Privileged Access for Falcon

CrowdStrike offers ransomware, malware and internet security products Almost exclusively for businesses and large organizations.

The widespread blackout was linked to its Falcon sensor software, which is installed to look for threats and help target them.

Sigi Goode, professor of information systems at the Australian National University, said Falcon had very privileged access.

It resides in the so-called Windows kernel layer.

“It’s as close to the engine of the operating system as possible,” Professor Goode said.

“Kernel mode is constantly watching what you are doing and listening for requests from the applications you are using and servicing them in a seamless manner.”

He described kernel mode as the traffic cop next to the Falcon, saying, “I don’t like looking at that car, we should look at it.”

Sensors 21 culprits

CrowdStrike is continually updating Falcon.

On July 19, the company issued Rapid response content updates for some Windows hosts.

At RCA, CrowdStrike called it the “Channel 291 Incident.” The Falcon sensor introduces a new feature.

Professor Goode said the sensors acted like “evidence tunnels” that told the system what suspicious activity to look for.

“Falcon is checking a bunch of sensors — a bunch of indicators — to see if there’s a problem,” he said.

When an update is sent, it changes the location or number of sensors to check for potential attacks.

In this case, Falcon expected the update to have 20 input fields, but it actually had 21 input fields.

CrowdStrike said this “count mismatch” was the cause of the global crash.

The RCA report states: “The content interpreter only expects 20 values.”

“Therefore, attempting to access the 21st value results in an out-of-bounds memory read beyond the end of the input data array and causes the system to crash.”

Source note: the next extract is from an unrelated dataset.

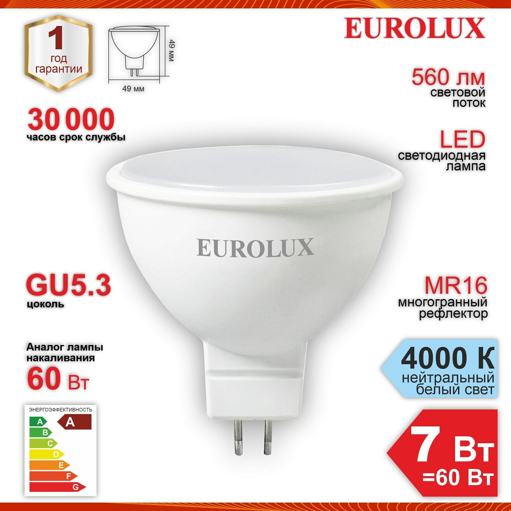 Отзывы на Eurolux Лампа светодиодная LL-E-MR16-7W-230-4K-GU5.3 /рефлектор, 7Вт, нейтр., GU5.3/ 76/2/24

Since Falcon is tightly integrated with the Windows kernel, when it crashes it can cause the entire system to crash, thus causing a BSOD.

Professor Goode said one of the most common ways to break into a system is to flood the memory.

Essentially, you’re telling the computer to look for things that are “out of bounds”.

“It’s looking for something that isn’t there,” he said.

“But the Falcon has to search at the 21st position because that’s what the new template requires it to do.”

How could this happen?

CrowdStrike has apologized for the outage, and its CEO George Kurtz was called to testify before the U.S. Congress to explain the incident.

“We are learning from this incident so we can better serve our customers,” Kurtz said in a statement this week.

“To that end, we have taken decisive steps to help prevent this from happening again, and to help ensure that we — and you — emerge more resilient.”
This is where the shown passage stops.